In many circumstances, such as for Luo in Kenya, if a widow refuses inheritance from a professional widow inheritor, frequently out of fear of HIV/AIDS, she is often forced off her husband's land. HIV/AIDS concerns are further exacerbated in those conditions, as widows are often pushed into sex work to make a living as employment prospects for both women and widows can be difficult.

The practice of "cleansing" is recognised as a serious concern for the HIV/AIDS pandemic, and there is a link between widow inheritance, property rights and the spread of the disease. Professional inheritance and "cleansing" traditions have been linked to the spread of HIV/AIDS in Kenya, and in many African countries, including Uganda, Malawi, Zambia, Ghana, Senegal, Côte d'Ivoire, Republic of the Congo, Democratic Republic of Congo and Nigeria, Widow inheritance is commonly viewed as contributing to the rapid spread of HIV.

Widows are often expected to fulfill various sexual rituals within her community, as is common in the Luo community, such as sexual intercourse during the establishment of a home, during agricultural cycles, or during funeral or marriage ceremonies. If a widow has not been inherited by her brother-in-law but is rather a professional widow-inheritor, her risk of contracting HIV increases as she must find a partner to engage with in the ritual. Many widows are aware of the greater risk for HIV that they face by engaging in "cleansing" and inheritance rituals, but the pressure of cultural expectations and ensuring livelihood needs are met complicates their ability to avoid contracting the disease.
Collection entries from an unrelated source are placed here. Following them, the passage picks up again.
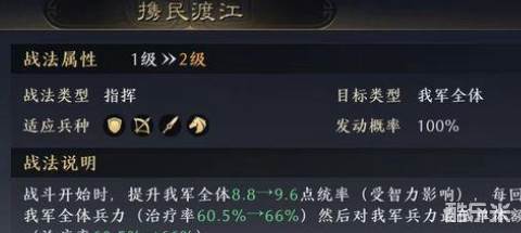 2、战法效果:携民渡江主动类型技能,战斗开始时,提升我军全体9→18点统率(受智力影响),每回合结束时,恢复我军全体兵力(治疗率50%→100%6),然后驱散我军兵力最低单体1种负面状态,并对其额外进行1次恢复(治疗率45%→90%)。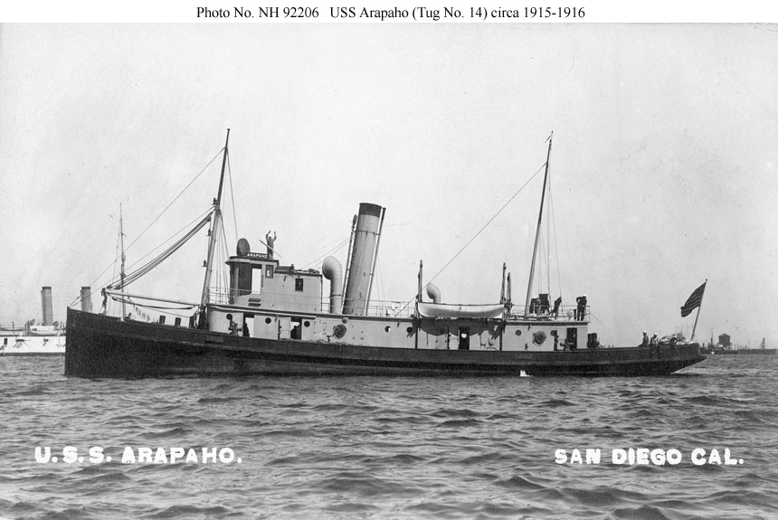 120k | Arapaho (Fleet Tug # 14) off San Diego, CA., circa 1915-1916. Note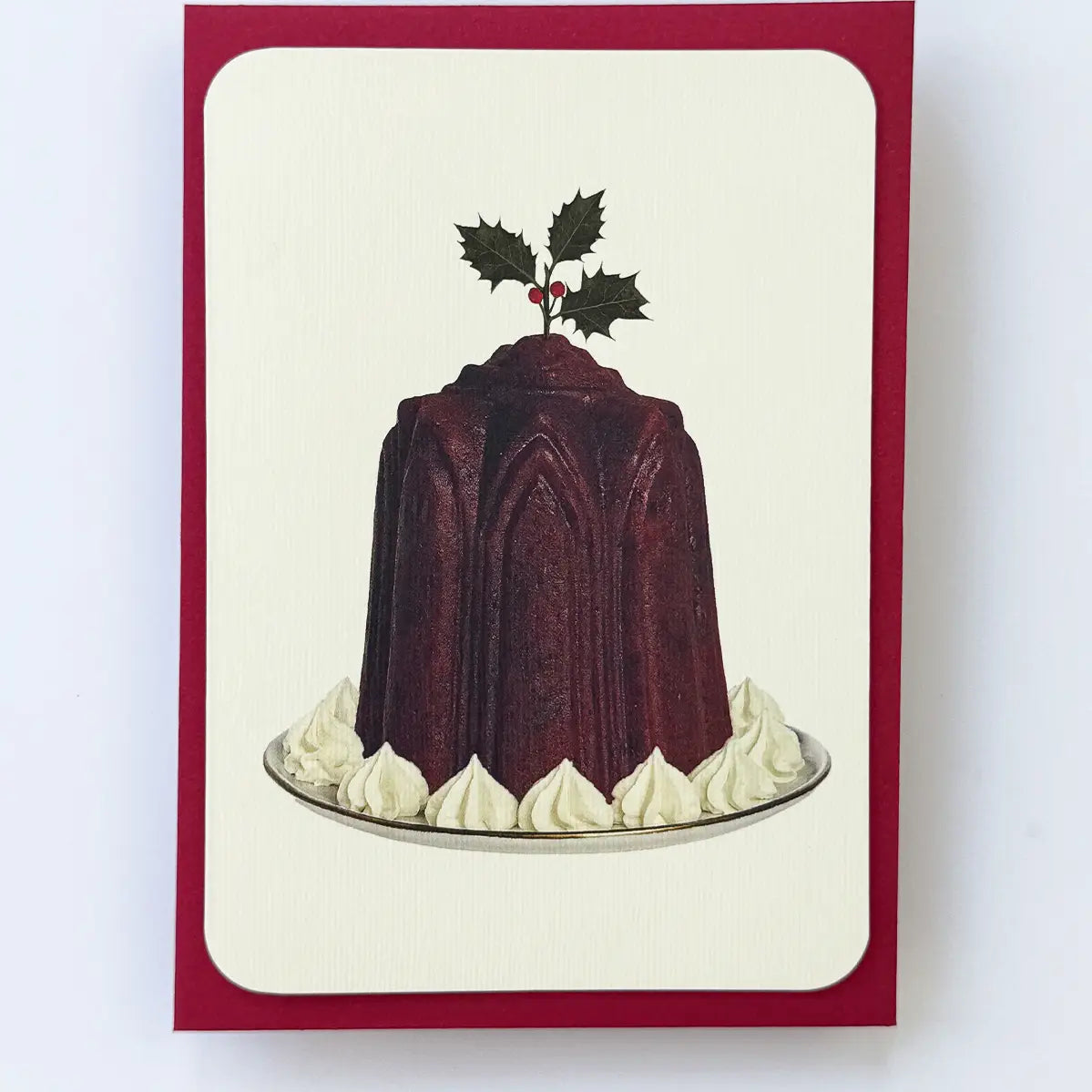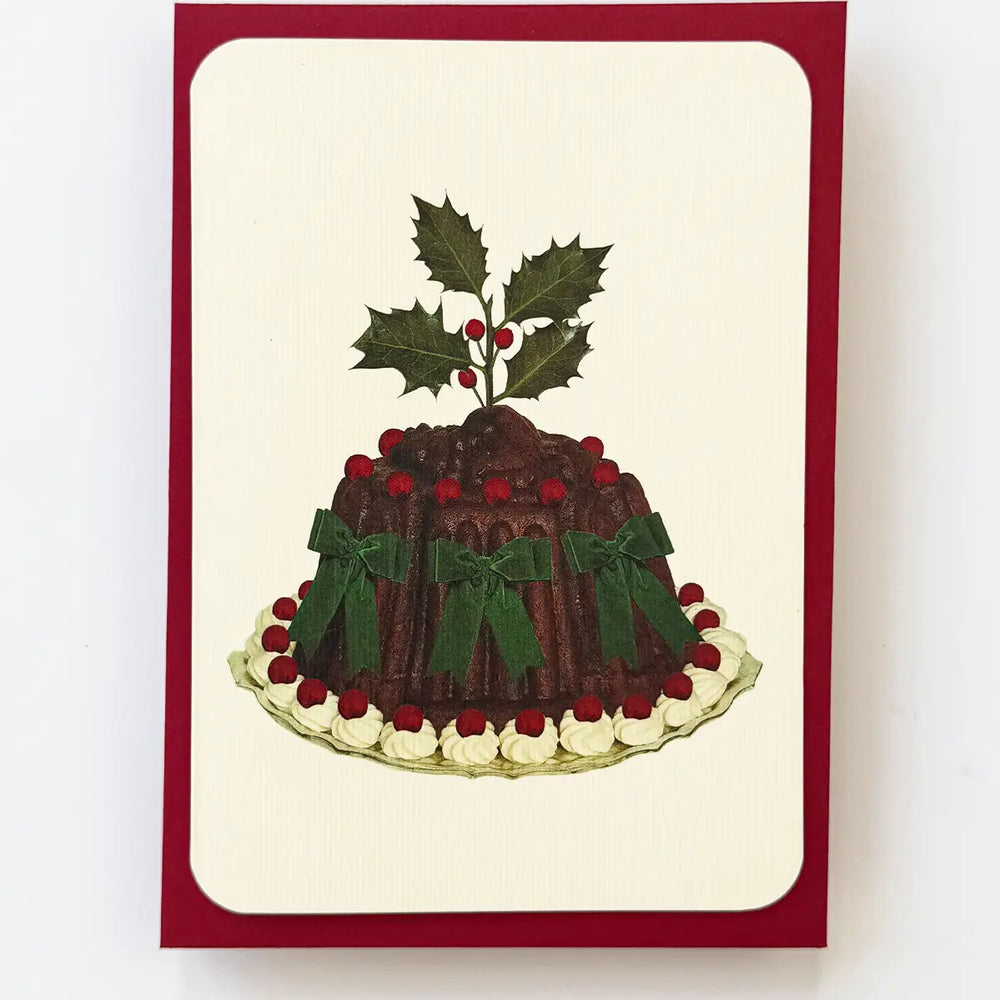 Christmas Plum Pudding Holly Greeting Card

Attempts to modify the law in many Sub-Saharan African nations have been in response to the HIV/AIDS concerns of the widow-inheritance practice, rather than concerns regarding the emotional trauma of inheritance "cleansing". However, modifications to formal law are often ineffective without informal implementations of changes to traditional practices. Health officials in Malawi unsuccessfully banned widow "cleansing" but persuaded some traditional leaders to encourage condom usage and punish cleansers who force women into unprotected sex. In Zambia, the AIDS Care and Prevention Department at Chikankata Hospital found success in encouraging alternative ritualistic methods of "cleansing" that do not involve sexual practices, and the chiefs in the Chikankata District area eventually outlawed ritual cleansing by sexual intercourse in the 1990s.
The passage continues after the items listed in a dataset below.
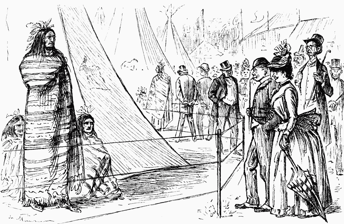 I don't think it's because "familyaryty breeds content," as the poet says, that I am less staggered than last year, but becos there ain't so many staggerers to be staggered at. Not that there ain't none. Why, there's one lady in the werry same dishabil as Madame Wenus herself a poring out somethink that the Catalog says is a incantashun, but then her pecooliar costoom is reelly xcusable, for she's that red hot that wood excuse anythink or nothink, as in her case.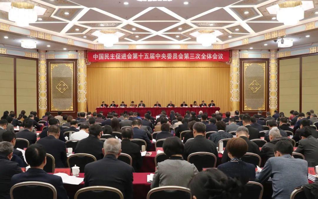 12月11日上午,中国民主促进会第十五届中央委员会第三次全体会议在京开幕。会议的主要内容是:学习习近平新时代中国特色社会主义思想和中共二十届三中全会精神,听取和审议中国民主促进会第十五届中央常务委员会工作报告(草案)、中国民主促进会第十五届中央委员会内部监督委员会工作报告(草案),审议中国民主促进会第十五届中央委员会第三次全体会议决议(草案)。全国人大常委会副委员长、民进中央主席蔡达峰代表民进第十五届中央常务委员会作工作报告,全国政协副主席、民进中央常务副主席朱永新主持开幕会。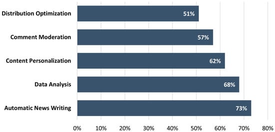 The data in Figure 4 suggests that AI technologies are being embraced across different aspects of journalism, with a particular emphasis on content creation and data analysis. Even the least adopted application, Distribution Optimization, is used by over half of the surveyed group. This indicates a significant integration of AI tools in modern journalism practices, especially in areas that can improve efficiency and content quality.
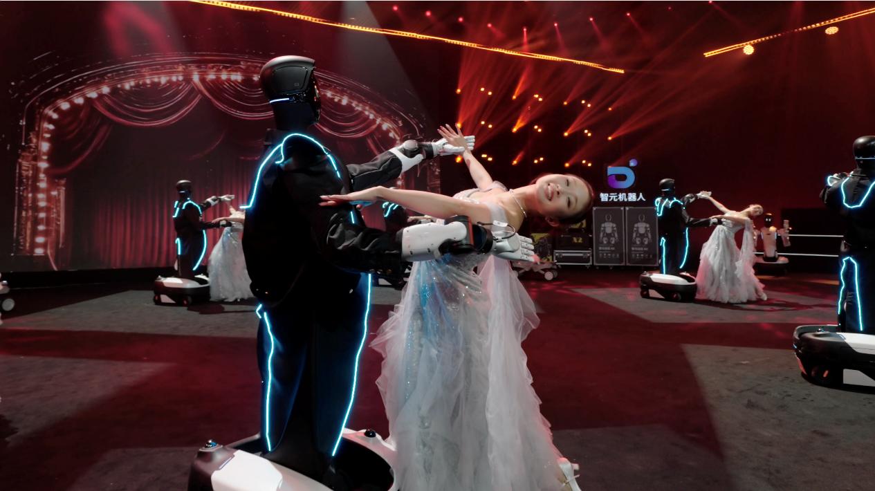 语言类节目《替身约会》中,多台机器人与开心麻花演员同台幽默探讨“机器人的爱情”;仿生机器人“精灵・璇”在《未定义的关系》中,以科技质感声线演绎原创歌曲;《算法华尔兹》里,精灵 G2则演绎“钢铁柔情”,与人类舞者共跳优雅双人舞,打破工业机器人的“冰冷标签”。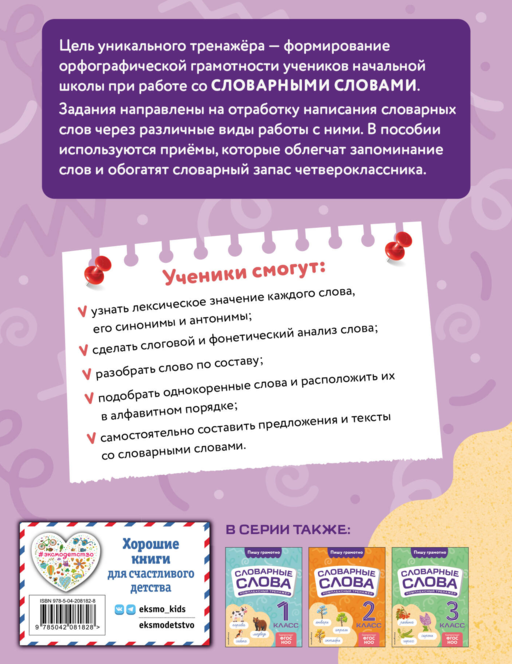 «Eksmo» yayınevinden Rus dili antrenörü, 4. sınıf öğrencilerinin sözlük kelimelerinin yazımını öğrenmelerine yardımcı olur. Çeşitli görevler sayesinde sözlük kelimeleri öğrencinin hafızasında sonsuza kadar "çakılır" ve yazılı çalışmalarında asla hata yapmaz. Bu yöntemin etkinliği önde gelen uzmanlar tarafından doğrulanmıştır. İlköğretim genel eğitim için son FSES (Federal Devlet Eğitim Standartları) gereksinimleri ile tamamen uyumlu olarak geliştirilmiştir.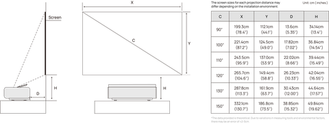 | Kích thước hình ảnh | 90" - 150" |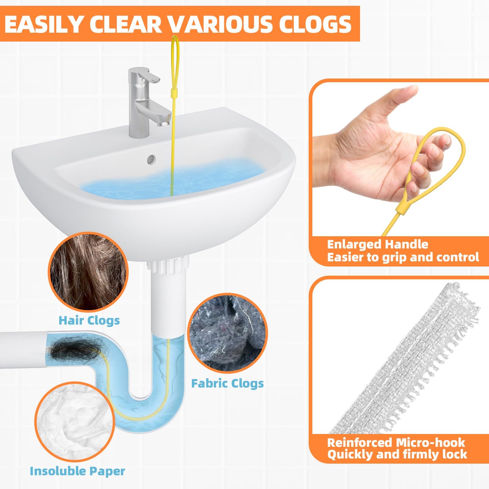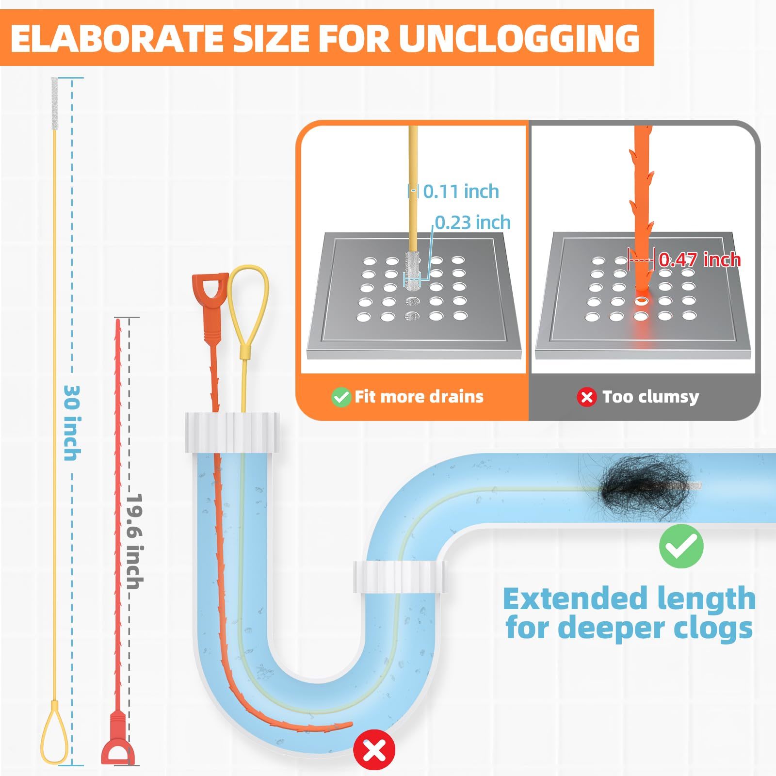 Innovative Practical Designs for Efficient Unclogging: Fortified using sewing and glue, the micro-hook of our plumbing snake is securely attached to the wand to prevent worse clogs of a falling hook. Unlike barbed snake, this sink snake drain tool removes barbs and has a slimmer hook head of 0.23", which helps the shower snake to easily get into the pipes without removing the drain stopper. Moreover, the round stick and the larger looped handle also facilitate easy spinning and movement.

=== Effects on widows' children ===
Premature widowhood results in a higher number of widows with dependent children, and the children of widows are often faced with dire experiences as a result of the socioeconomic consequences of widow inheritance. When a widow is faced with disinheritance practices, the consequences of the loss of income after the husband's death extend to the children. The lack of welfare provisions for the family, especially healthcare, childcare, and education, have severe impacts on the wellbeing and development of children. In extreme scenarios, disinheritance and "grabbing" can also involve the confiscation of children by the husband's family. If a widow is disinherited or homeless after the death of her husband, she faces risks of acute malnutrition, rape, prostitution, debilitating and fatal diseases, and exposure to adverse weather conditions. Those risks extend to widows' children if they remain with their mother post-disinheritance, and those hazards are compounded with loss of education and the risk of child labour.
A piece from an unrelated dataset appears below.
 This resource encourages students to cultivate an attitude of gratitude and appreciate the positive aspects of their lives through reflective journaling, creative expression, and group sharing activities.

When widows are inherited, it often has the purpose of keeping the property of the husband and the husband's male children inside the family. In many remarriages and widow inheritance traditions that involve the husband's brother, he will require sexual relations to produce children in the name of the dead husband, and the widow remains living with her children apart from the husband's brother, who often remains living with his own wife and children. In those scenarios and others that involve professional widow inheritors, children grow up with the absence of a father figure, and these can be damaging to mental health and development.

The stigma that surround widows before and after "cleansing" and widow inheritance extend to the children as well. Children are often ostracized from their peers when their mother is a widow, such as in the Luo in Kenya, are not allowed to circulate within the community before "cleansing" has occurred.